▶ _About this exercise_
A full, exact copy of the listing is needed, with images omitted.

*** Data excerpt Section Begins ***

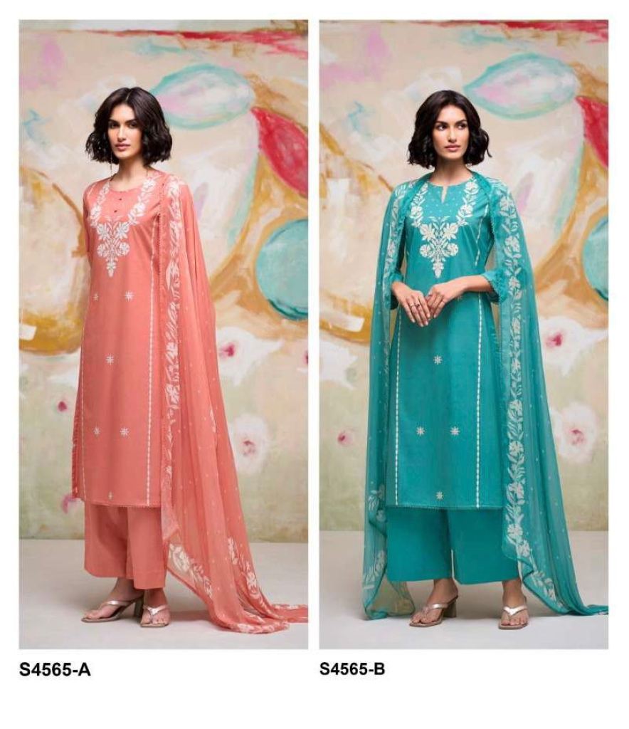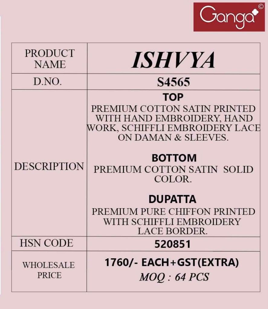 Ganga Ishvya 4565 Cotton Satin Hand Embroidery Dress Material Full Catalog
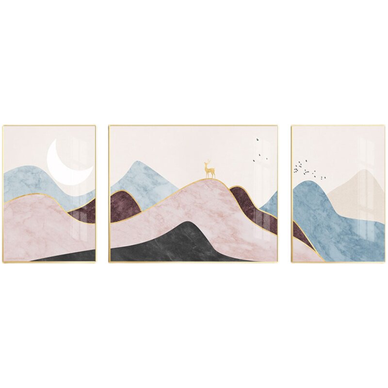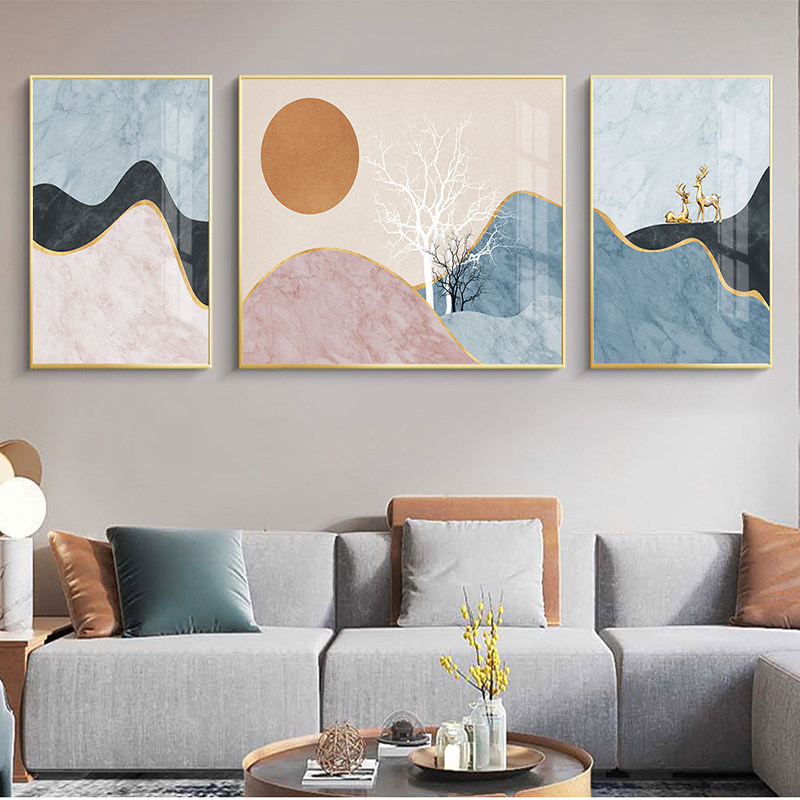 Light luxury living room decorative painting modern minimalist sofa background wall painting atmospheric crystal porcelain painting triptych mural wall painting
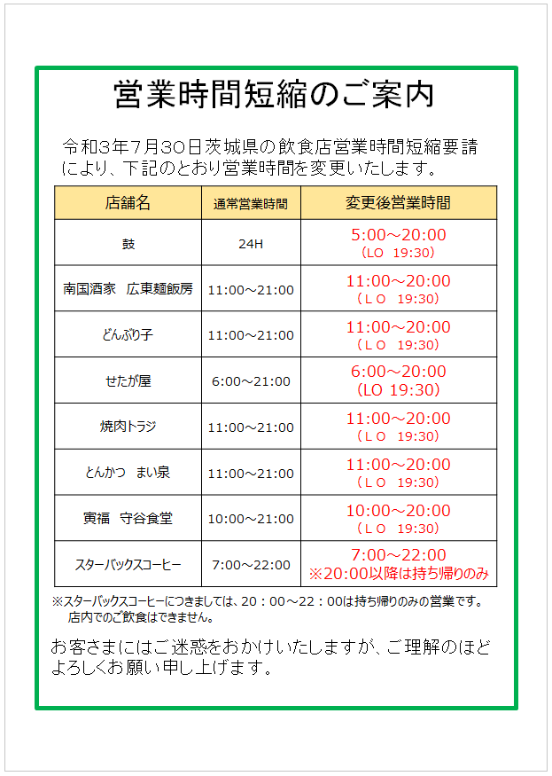 【7月30日~】一部店舗の営業時間短縮のお知らせ いつもPasar守谷(下り線)をご利用いただき誠にありがとうございます。 茨城県による飲食店の営業時間短縮要請に基づき、Pasar守谷(下り線)では一部店舗の営業時間の短縮を実施いたします。 お客さまにはご不便をおかけいたしますが、ご理解賜りますようお願い申し上げます。

*** Data excerpt Section Ends ***

▶ _Solution for this exercise_
 Ganga Ishvya 4565 Cotton Satin Hand Embroidery Dress Material Full Catalog
 Light luxury living room decorative painting modern minimalist sofa background wall painting atmospheric crystal porcelain painting triptych mural wall painting
 【7月30日~】一部店舗の営業時間短縮のお知らせ いつもPasar守谷(下り線)をご利用いただき誠にありがとうございます。 茨城県による飲食店の営業時間短縮要請に基づき、Pasar守谷(下り線)では一部店舗の営業時間の短縮を実施いたします。 お客さまにはご不便をおかけいたしますが、ご理解賜りますようお願い申し上げます。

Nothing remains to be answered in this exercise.